### Task objective
Would you copy, word for word, each line from the one with "Isaiah 5. The" to the end of the listing below, skipping all pictures?

### Information provided
BEGIN

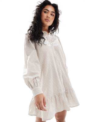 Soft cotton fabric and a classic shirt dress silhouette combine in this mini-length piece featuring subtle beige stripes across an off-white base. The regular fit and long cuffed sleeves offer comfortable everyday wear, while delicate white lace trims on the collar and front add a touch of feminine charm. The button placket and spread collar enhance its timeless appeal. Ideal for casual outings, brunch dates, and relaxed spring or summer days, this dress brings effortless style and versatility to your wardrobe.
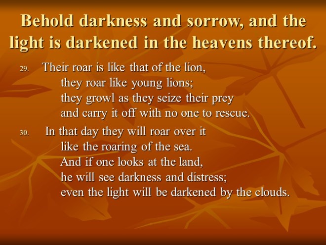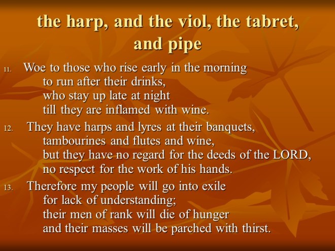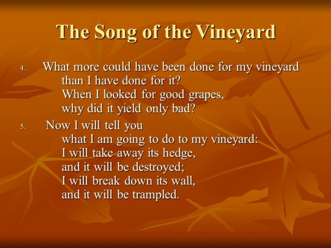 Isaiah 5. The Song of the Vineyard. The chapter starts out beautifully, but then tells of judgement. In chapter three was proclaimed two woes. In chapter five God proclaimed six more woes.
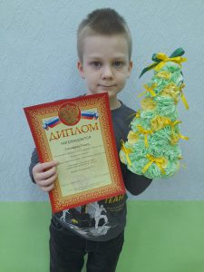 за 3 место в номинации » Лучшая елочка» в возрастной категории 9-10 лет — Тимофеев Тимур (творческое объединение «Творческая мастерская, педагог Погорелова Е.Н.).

END

### Exercise output
 Isaiah 5. The Song of the Vineyard. The chapter starts out beautifully, but then tells of judgement. In chapter three was proclaimed two woes. In chapter five God proclaimed six more woes.
 за 3 место в номинации » Лучшая елочка» в возрастной категории 9-10 лет — Тимофеев Тимур (творческое объединение «Творческая мастерская, педагог Погорелова Е.Н.).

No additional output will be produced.